Sweden’s state-owned gambling monopoly faces an unprecedented challenge this week that could open up the Nordic country’s lucrative betting industry to international competition.
Swedish online gambling company Betsson will open a high street betting shop in Stockholm on Friday, deliberately breaching laws which state all bookmakers must be run by Svenska Spel, the state monopoly.
Betsson has not only decided to break the law, but has also publicly challenged the government to prosecute it if it dares. “We are calling their bluff,” said Pontus Lindwall, chief executive.
The Swedish government is under growing pressure from the European Commission to open the gambling market to competition in accordance with EU rules on the free movement of services.
The Commission asked Sweden last year to amend its gambling laws or face possible referral to the European Court of Justice. Sweden joined the EU in 1995.
Mr Lindwall said Brussels’ stance meant the government would not dare to prosecute Betsson for opening its betting shop as it would not want to be seen to be blatantly picking a fight with the EU.
Online gambling companies such as Betsson are able to provide internet-based betting in Sweden via offshore registered companies.

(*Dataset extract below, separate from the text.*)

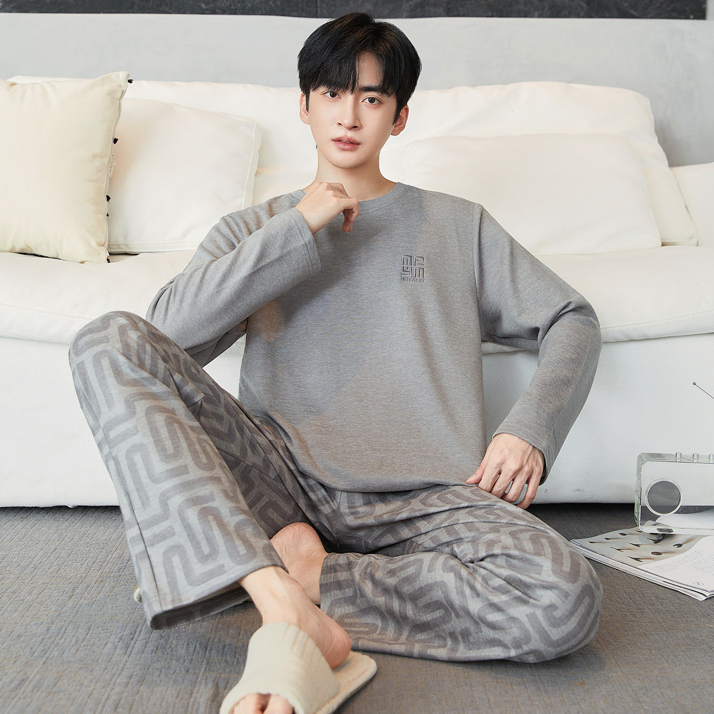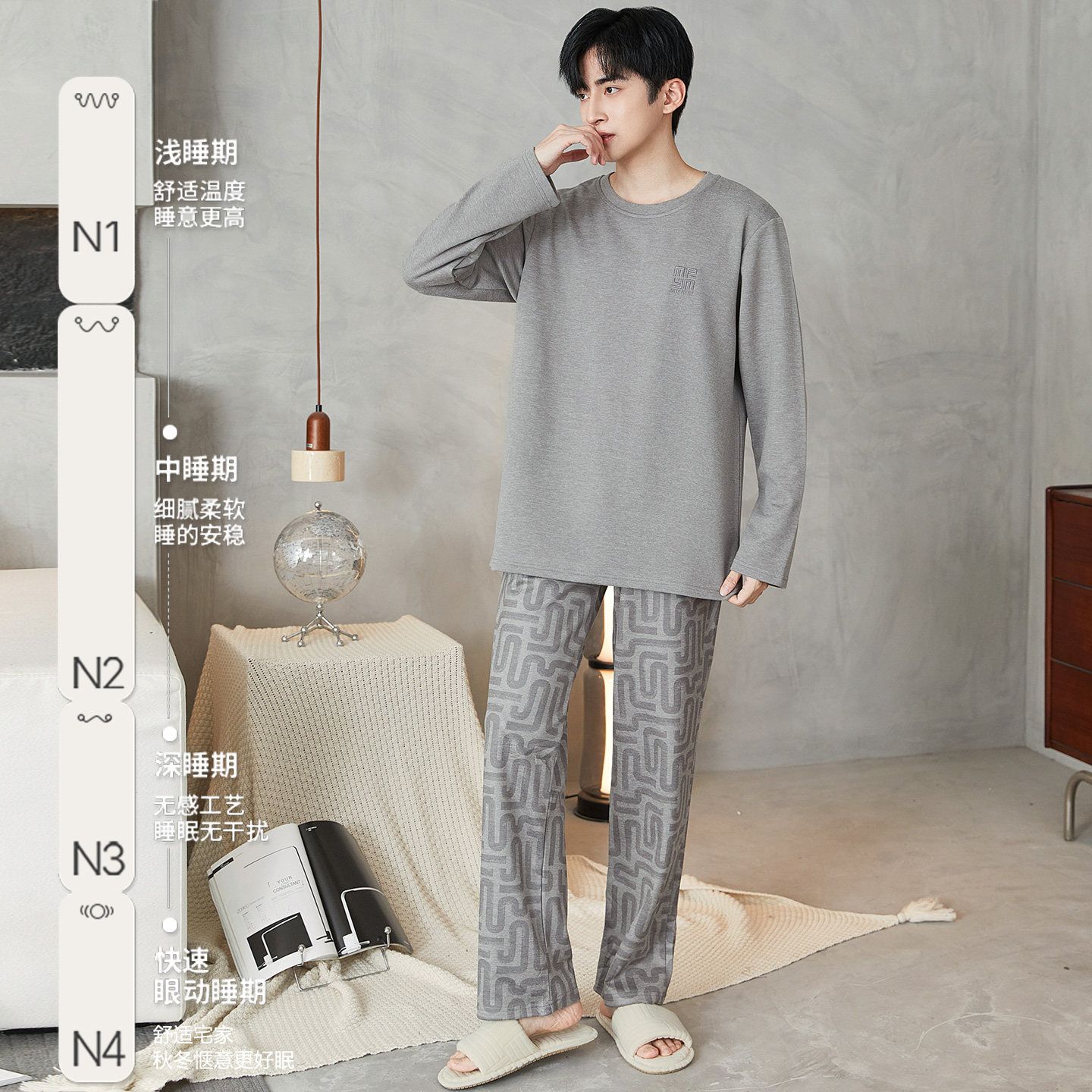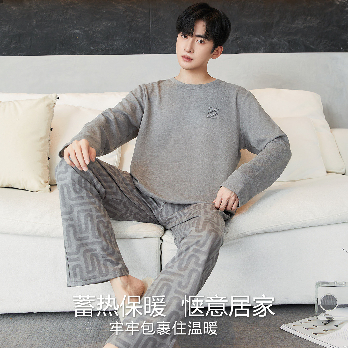 芬腾可安睡衣男款男士冬季薄绒加厚长袖2026新款花灰家居服秋冬天
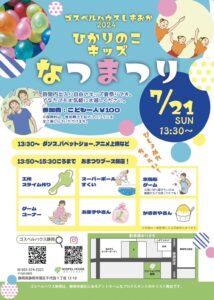 その中にぜひとも、「ひかりのこキッズなつまつり」をぜひ入れてください!

Betsson is registered in Malta and EU-authorised.
But they are unable to build a high street presence even though Svenska Spel has been permitted by the government to develop online gambling operations.
Sweden’s centre-right government, which was elected in 2006 on a business friendly, free-market platform, has stated it wants to privatise parts of the betting monopoly.
But at the same time it has shunned EU pressure to amend the laws, saying some state control is needed to ensure the gambling industry is properly regulated to prevent addiction, illegal operators and associated fraud.
Mr Lindwall accused the government of deliberately slowing down the process. “The government just wants to retain a source of revenue. That is not legal grounds to keep the monopoly,” he said.
Svenska Spel reported a profit of SEK 5.2bn (USD 880m) in 2007, of which SEK 3.6bn was paid to the state treasury and the remainder to areas such as the Swedish Sports Federation and youth programmes.
Christofer Fjellner, a representative in the European Parliament for the governing Moderate party, agreed the finance ministry was putting revenues ahead of its commitment to free markets.
“They seem to hope that by doing minor changes they might be able to convince the EU that they can keep the monopoly. They have 5.2bn reasons to keep the market closed,” he observed.
The finance ministry declined to comment, saying regulation of the gambling industry was up to the Gaming Board.
Sweden is not the only EU member under pressure from the European Commission to open its gambling industry.
France and Greece have been warned not to bar foreign competitors or face lawsuits. Italy was forced to open its market by the EU in March 2007. Denmark, Austria, Hungary and Portugal also operate monopolies.